The sequential improvement was led by Tampines 1, Century Square and White Sands
where occupancy improved 1.7ppt, 2.3ppt and 1.3ppt respectively to 98.8%, 93.4% and
93.8%. Refreshed offerings include Scarlett (supermarket for imported products from China)
at Waterway Point, Malaysia Chiak! (Malaysian street hawker food) at Tampines 1 and
Chateraise (Japanese confectionery) at White Sands.

? Tenant sales have surpassed pre-COVID-19 levels since Oct 21. Shopper traffic has
improved since group size for dining in at F&B establishments was increased from two to five
persons on 22 Nov 21. Work-from-home is no longer the default since Jan 22. With more
employees headed back to their offices, footfall has increased during peak morning and
evening hours. Group size for dining in was further increased to 10 persons on 29 Mar 22.

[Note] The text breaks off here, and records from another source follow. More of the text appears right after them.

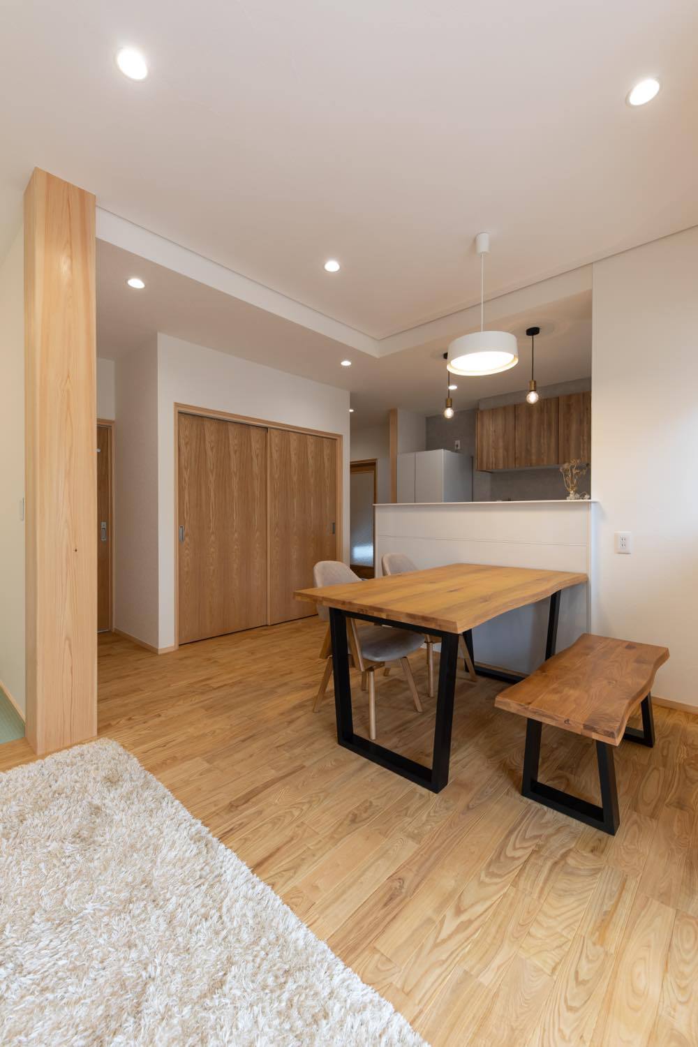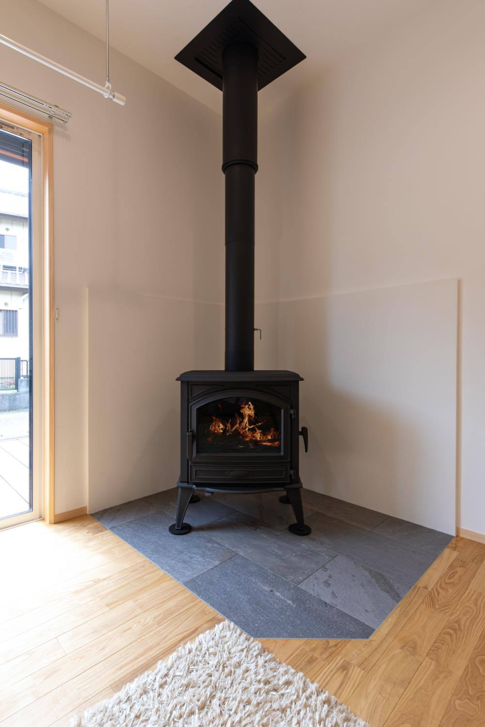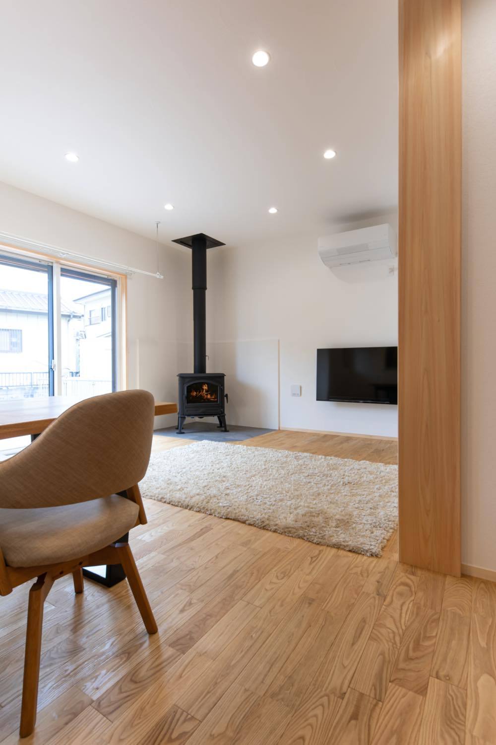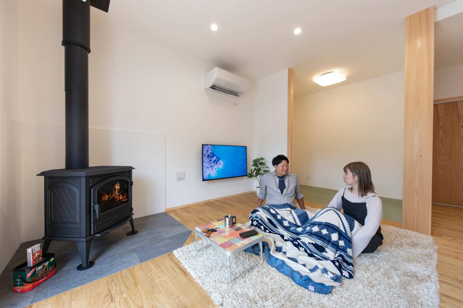 薪ストーブの炎を眺めながら過ごす―。Sさんご夫妻は、こうした暮らしに憧れ、櫻 工務店に夢を託したそうです。薪ストーブは、アウトドア好きのご主人がオーダーしたもの。1階に水回りなどの機能を集中させた無駄のないプランには、「来客と家族用を分けた広い玄関」「パントリー棚付き対面キッチン」「リビングとつながった畳スペース」と、暮らしやすい工夫がちりばめられています。統一感のあるインテリアは、奥さまが「飽きのこないデザイン」を目指し、インスタグラムを参考に壁紙などを吟味。OBさん宅で出合ったクリの床板をベースとし、リビングはコテ跡が残った漆喰の塗り壁に。素材の質感がくつろぎをもたらす、現代の暮らしにフィットする木の家を叶えています。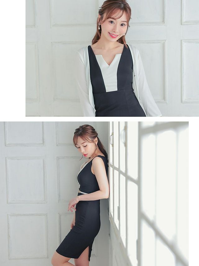 5. ベルト付きノースリーブネックバイカラータイトミニドレス (Sサイズ~XXLサイズ) (久保七瀬/キャバドレス着用)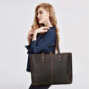 S-ZONE Genuine Leather Shoulder Tote Bag for Women Large Handbag Work Purse
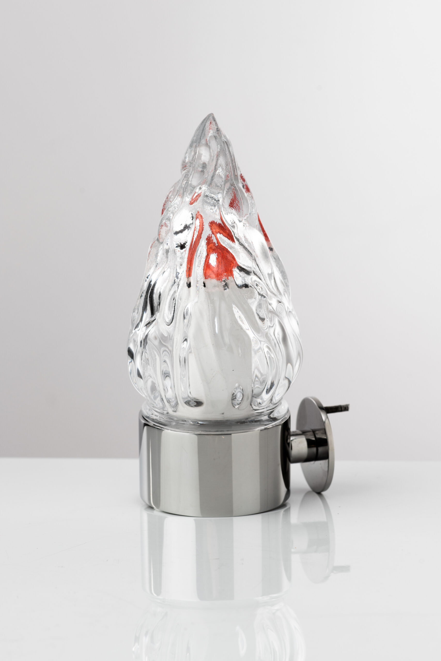 Lampion mały z kloszem szklanym i świecą elektryczną.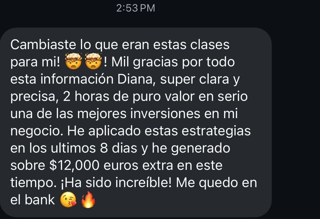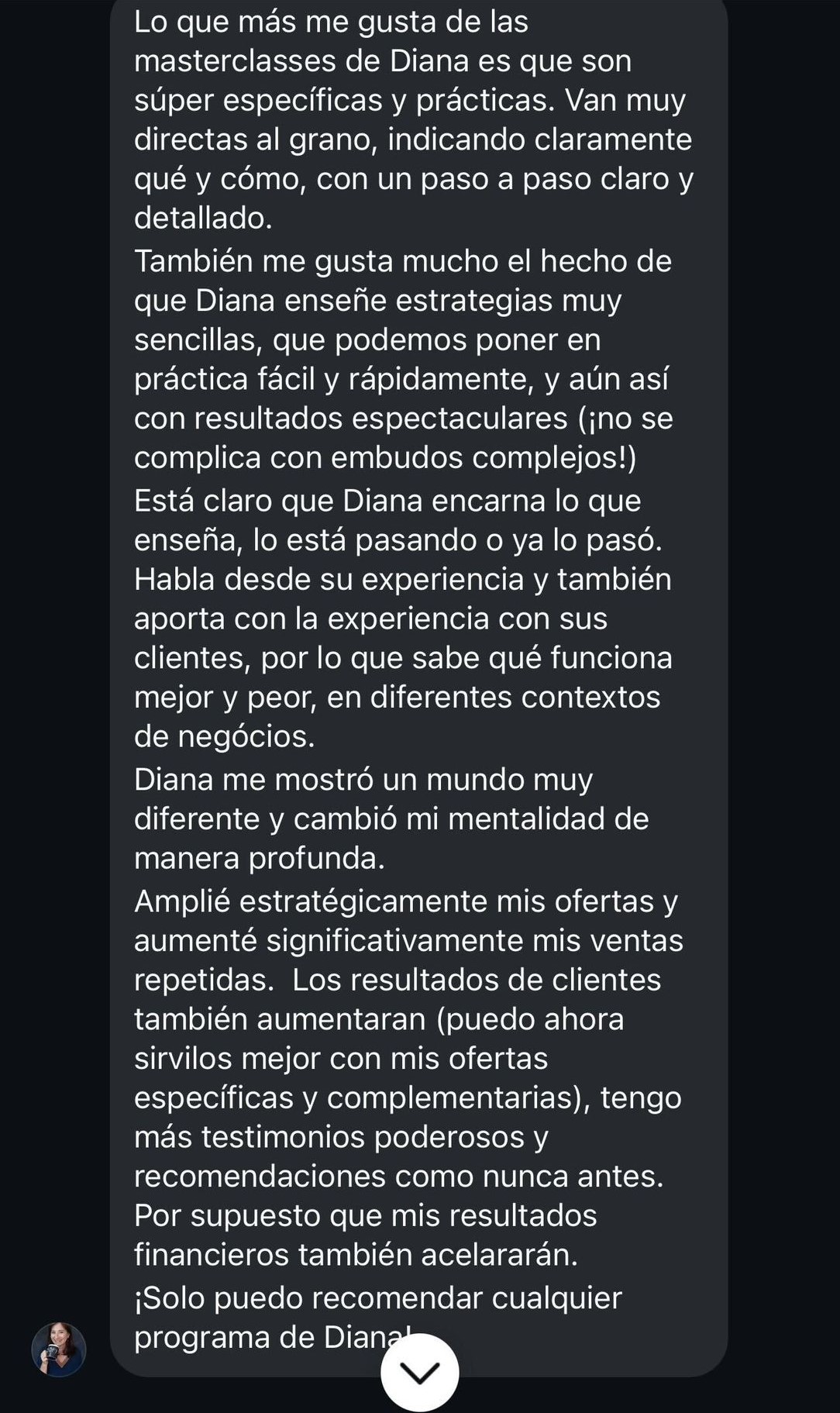 Diana ha creado procesos de CONVERSIÓN MASIVA que la han traído a sostener resultados que han volado su cabeza y la de muchos.

? Conservative capital management. Aggregate leverage was low at 33.3% as of Mar 22.
The average all-in cost of debt remains stable at 2.2%. The proportion of borrowings hedged
to fixed interest rates has increased from 58% to 68%. Management estimated that every
50bp increase in Swap Offer Rate/Singapore Overnight Rate Average has a negative impact
on DPU of 0.169 S cents per year.

STOCK IMPACT

? Defensive yield from necessity consumption. FCT’s suburban malls are well located with
connectivity to MRT stations and bus interchanges, close proximity to dense population
catchments, and cater to essential services and non-discretionary spending.

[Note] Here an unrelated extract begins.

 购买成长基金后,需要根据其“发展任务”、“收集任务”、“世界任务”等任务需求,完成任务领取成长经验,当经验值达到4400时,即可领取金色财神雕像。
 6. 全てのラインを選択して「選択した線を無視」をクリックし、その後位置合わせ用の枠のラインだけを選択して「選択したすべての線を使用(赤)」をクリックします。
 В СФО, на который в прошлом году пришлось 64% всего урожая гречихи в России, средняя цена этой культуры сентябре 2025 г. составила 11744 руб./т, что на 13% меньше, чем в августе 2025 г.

? From Dorscon Orange to Yellow. Singapore has downgraded the Disease Outbreak
Response System Condition (Dorscon) level from orange to yellow. The cap on group size of
10 persons for dining in at F&B establishments was lifted since 26 Apr 22. Safe distancing
between individuals is no longer required, whether indoors or outdoors. All employees are
allowed back to their workplaces since 26 Apr 22, compared with the previous limit of 75%.
The substantial easing will improve shopper traffic and tenant sales at FCT’s suburban
malls.

? Cushion against the blow from higher cost of electricity. FCT has fully hedged the
electricity rates for its suburban retail malls in various tranches to reduce concentration risks.
The hedges will progressively expire in FY22 and FY23, which cushions FCT against a
sudden spike in electricity rates.

? On lookout for opportunities to acquire within Singapore. FCT’s balance sheet has
deleveraged with aggregate leverage currently at 33.3%. It could tap on its sponsor pipeline,
such as Northpoint City South Wing. It will also explore opportunities for acquisitions from
third-party vendors, such as further increasing its stake in Waterway Point from 40% to 50%.

EARNINGS REVISION/RISK

? We trimmed FY22 DPU marginally by 0.5%. Improved performance from its suburban retail
malls helps FCT to cope with higher operating expenses from higher cost of electricity.

VALUATION/RECOMMENDATION

? Maintain BUY. Our target price of S$2.96 is based on DDM (cost of equity: 6.0%, terminal
growth: 1.8%).

SHARE PRICE CATALYST

? Gradual but steady recovery in shopper traffic and tenant sales, accompanied by
progressive easing of social distancing measures.

? Acquisition of Northpoint City South Wing from sponsor Frasers Property.